Task item: Within the lines below, the span from the line with "Twelfth century minuscule" to the line with "ブローチ付きの黒リボンがアク", both ends included, is to be reproduced exactly, with pictures omitted.

Provided data START

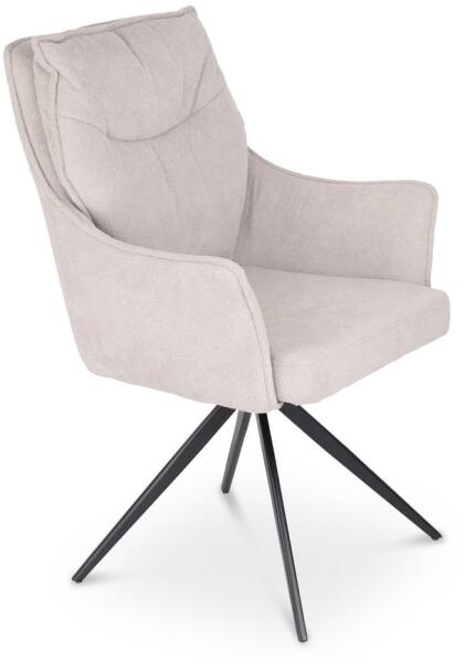 A modern étkezőszék vastagon kárpitozott puha szövettel, vékony, fix karfákkal van ellátva. Több színváltozatban kapható, sötétszürke, barna vagy bézs színben. Az ülőfelület 8,5 cm vastag, 43 cm széles és 50 cm magasságban helyezkedik el a talajtól. A fekete lábazat fémcsövekből készült, 3x1,5 cm méretű és porfestett a környezeti hatásokkal szembeni jobb védelem érdekében. A lábazatban található forgólap lehetővé teszi az ülőfelület 360°-os elforgatását. A székek mindenféle asztallal kombinálhatók, és alkalmas kiegészítői lehetnek étkezőknek, nappaliknak, konyháknak vagy akár irodáknak is. A szék maximális teherbírása 120 kg.  - Mindigbútor
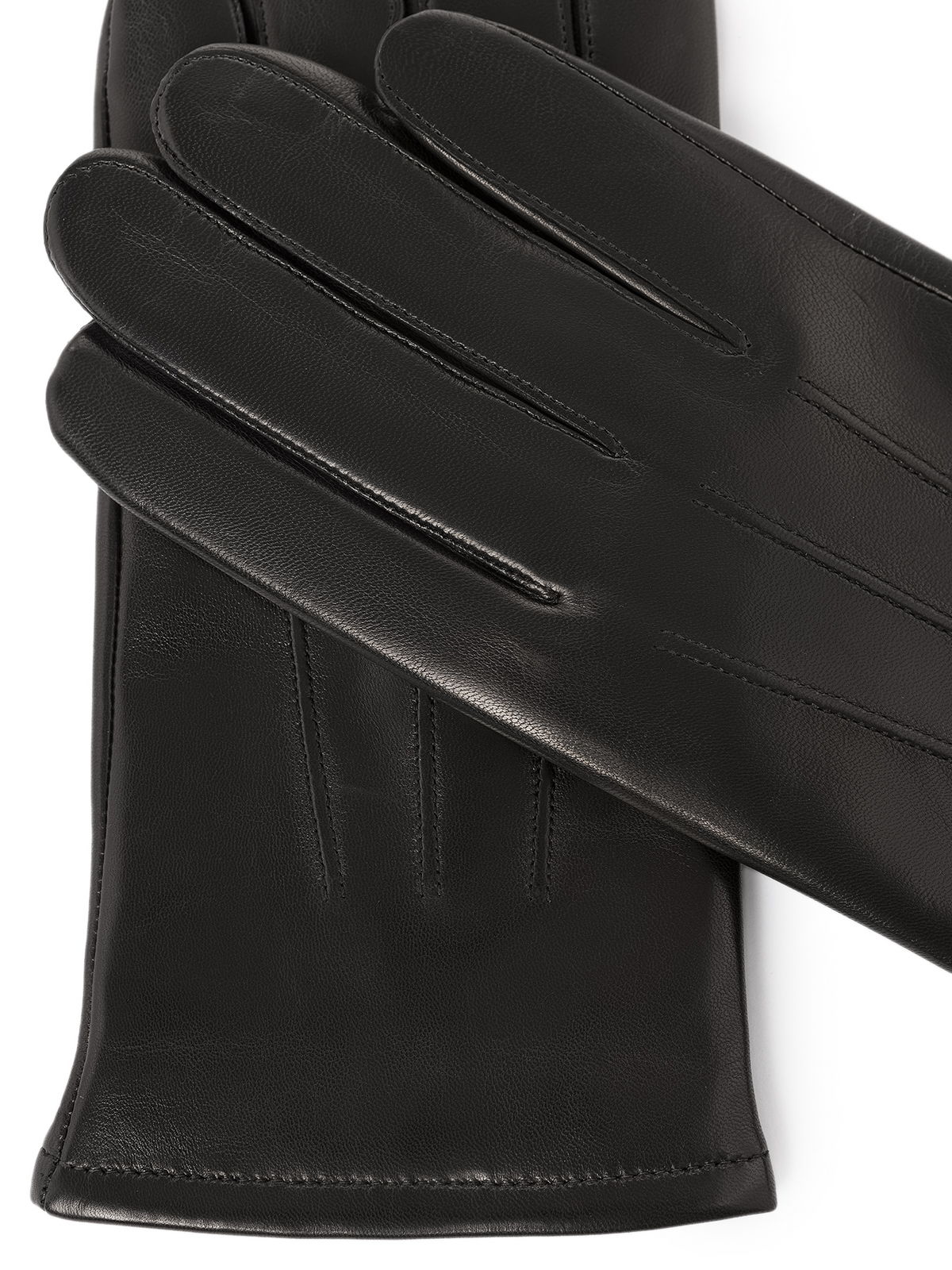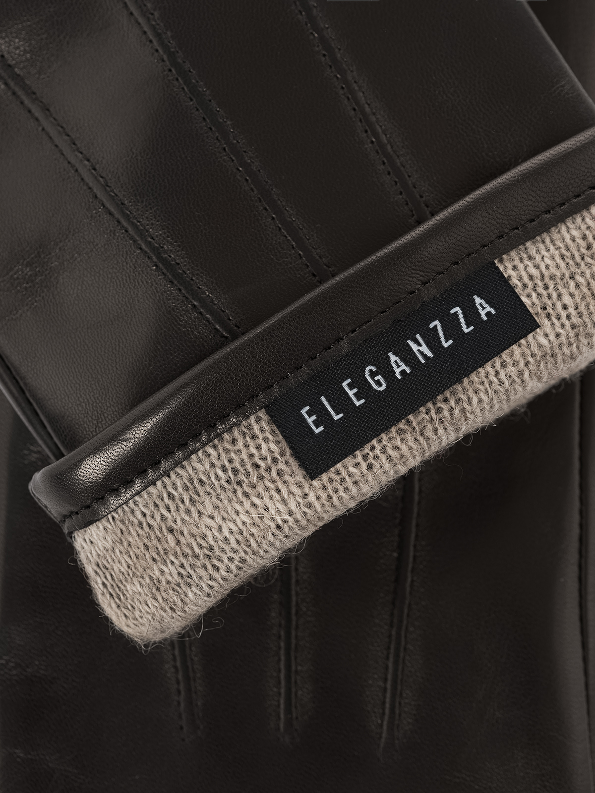 Перчатки торговой марки ELEGANZZA производства Китай из натуральной кожи ягненка. Подкладка: 100% шерсть. На лицевой стороне декоративные швы три луча". На ладонной стороне резинка. Длина манжета от нижней точки большого пальца до края перчаток - 6 см. Длина пальцев средняя."
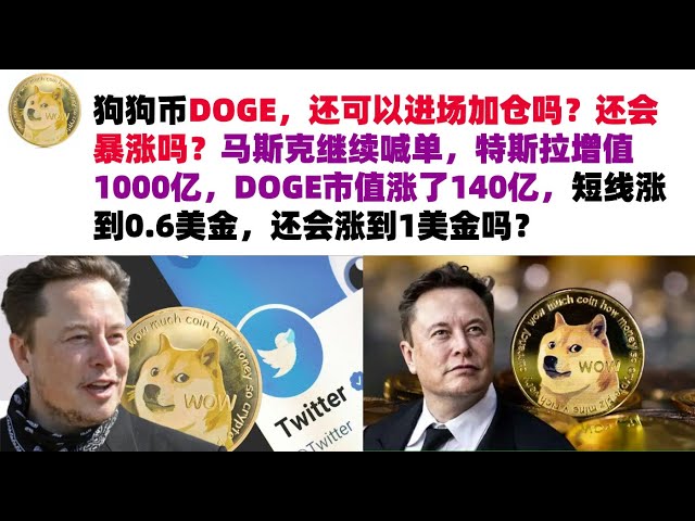 • 狗狗币DOGE,还可以进场加仓吗?还会暴涨吗?马斯克继续喊单,特斯拉增值1000亿,DOGE市值涨了140亿,短线涨到0.6美金,还会涨到1美金吗?马斯克狗狗币|DOGE行情分析!
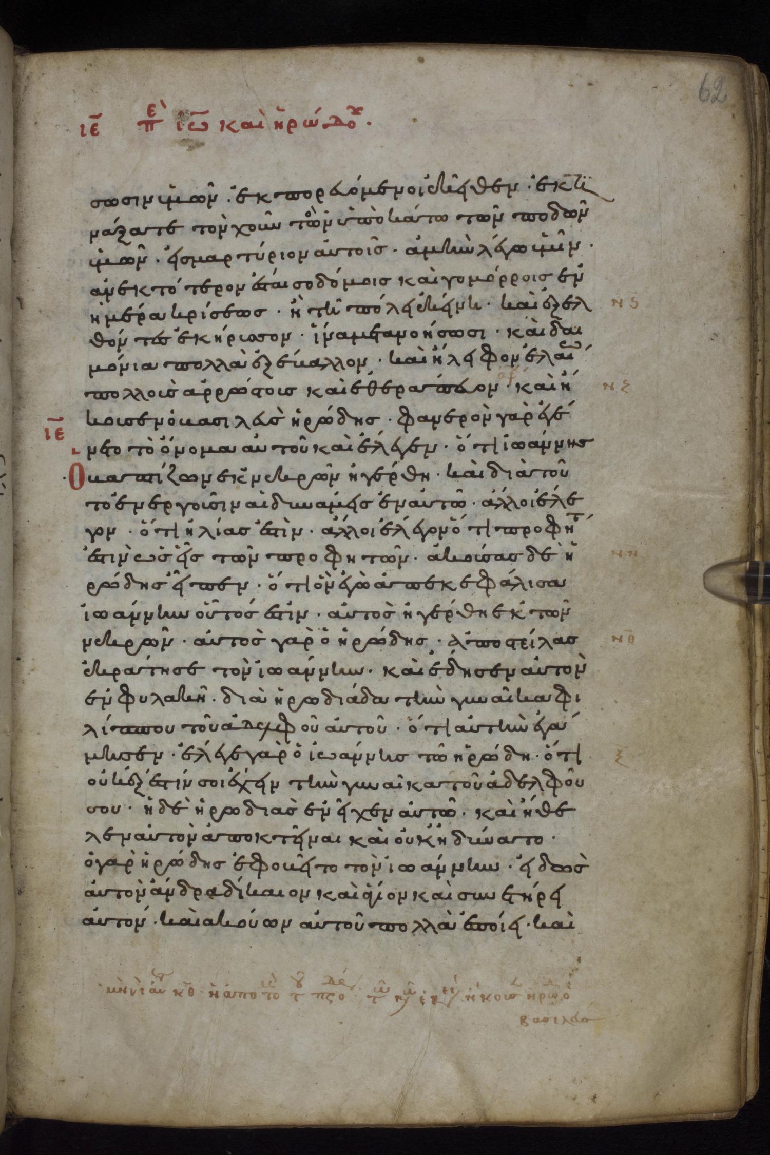 Twelfth century minuscule dated to 1145 of the Gospels on parchment and paper; 189 leaves, 1 column, 22-29 lines per page. Images were taken at the National Library of Greece in Athens.
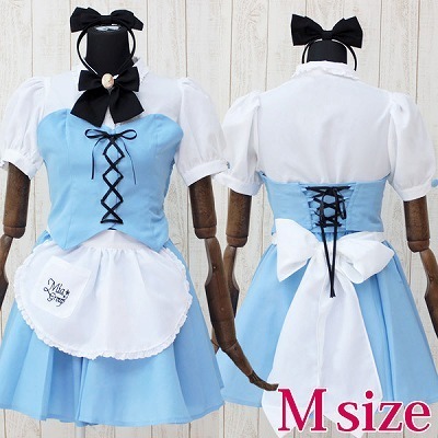 ブローチ付きの黒リボンがアクセント!メイド喫茶のオフィシャル制服に、アリス風の水色メイド服が登場しました。キュートなパフ袖に丸エプロンで可愛さ満点!ペチコートやリボンカチューシャなど、小物も充実した豪華7点セットのコスプレ衣装です。※水洗い不可、塩素系漂白剤による漂白不可、アイロンは中温で当て布使用、ドライクリーニング可、色落ちの可能性があります、ご注意ください。※ブラウス:前ボタン留め、立て襟、襟繰りレース付、胸部にビスチェ固定用のスナップ付、袖に水色くるみボタン付き※ビスチェ:横ファスナー、内側にシャツ固定用のスナップ付、背中の編み上げによりウェスト部のサイズ調整可※エプロン:ポケット付き、裾レース付、ミアグループロゴ刺繍入り※スカート:ウェストゴム仕様、全円スカート※ペチコート:裾レース付、ウェストゴム仕様、全円スカート※リボンカチューシャ:ブローチ付きリボンと共布※ブローチ付きリボン:安全ピン付、ブローチ付き※こちらの商品は在庫の状況によりお届けまでに4日〜7日程度かかる場合がございます。 |
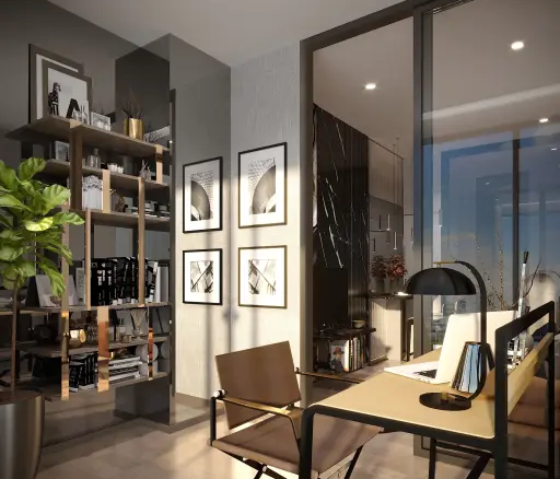 Welcome to this thoughtfully designed 29 sqm condo in Niche Pride EkkamaiIt’s an off-plan one-bedroom unit, so you’ll be getting everything fresh and new. The layout feels surprisingly spacious thanks to a clever open plan design, with the bedroom and living area partially separated by a glass partition—so you get privacy but still enjoy the sense of openness and light. Speaking of light, the floor-to-ceiling windows bring in plenty of natural daylight and offer nice city views that really expand the space visually.Living and bedroom areasThe bedroom is quite plush, featuring an upholstered headboard, a queen-sized bed with soft decorative pillows, and a big built-in wardrobe with reflective sliding doors that help bounce light around. Underfoot, you’ve got warm wooden floors layered with a cozy plush area rug. The living area has a modern brown leather sofa, a low console with a mounted flat-screen TV, and a few tasteful decorative touches that make it feel like home.Dining and finishesFor meals or work, there’s a small dining spot with white chairs and a sleek black marble counter illuminated by modern pendant lights that add some style without fuss. The whole place leans into neutral tones with warm accents and contemporary furnishings—minimalist but welcoming. Reflective surfaces, mirrors, and thoughtful lighting fixtures like recessed and hanging lights keep it bright and airy.If you want a practical, stylish home in Watthana with freedom of ownership and ready to move into soon, this condo’s worth checking out.
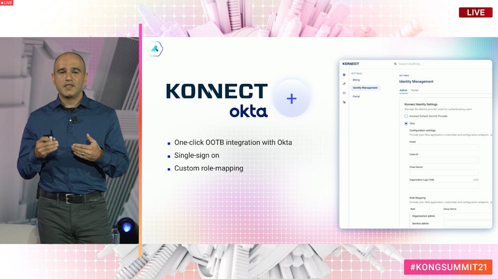 Lastly, Reza announced Okta support for Konnect Cloud users. This includes single sign-on, custom role-mapping and one-click integration with Okta.

Provided data END

Written response:
 Twelfth century minuscule dated to 1145 of the Gospels on parchment and paper; 189 leaves, 1 column, 22-29 lines per page. Images were taken at the National Library of Greece in Athens.
 ブローチ付きの黒リボンがアクセント!メイド喫茶のオフィシャル制服に、アリス風の水色メイド服が登場しました。キュートなパフ袖に丸エプロンで可愛さ満点!ペチコートやリボンカチューシャなど、小物も充実した豪華7点セットのコスプレ衣装です。※水洗い不可、塩素系漂白剤による漂白不可、アイロンは中温で当て布使用、ドライクリーニング可、色落ちの可能性があります、ご注意ください。※ブラウス:前ボタン留め、立て襟、襟繰りレース付、胸部にビスチェ固定用のスナップ付、袖に水色くるみボタン付き※ビスチェ:横ファスナー、内側にシャツ固定用のスナップ付、背中の編み上げによりウェスト部のサイズ調整可※エプロン:ポケット付き、裾レース付、ミアグループロゴ刺繍入り※スカート:ウェストゴム仕様、全円スカート※ペチコート:裾レース付、ウェストゴム仕様、全円スカート※リボンカチューシャ:ブローチ付きリボンと共布※ブローチ付きリボン:安全ピン付、ブローチ付き※こちらの商品は在庫の状況によりお届けまでに4日〜7日程度かかる場合がございます。 |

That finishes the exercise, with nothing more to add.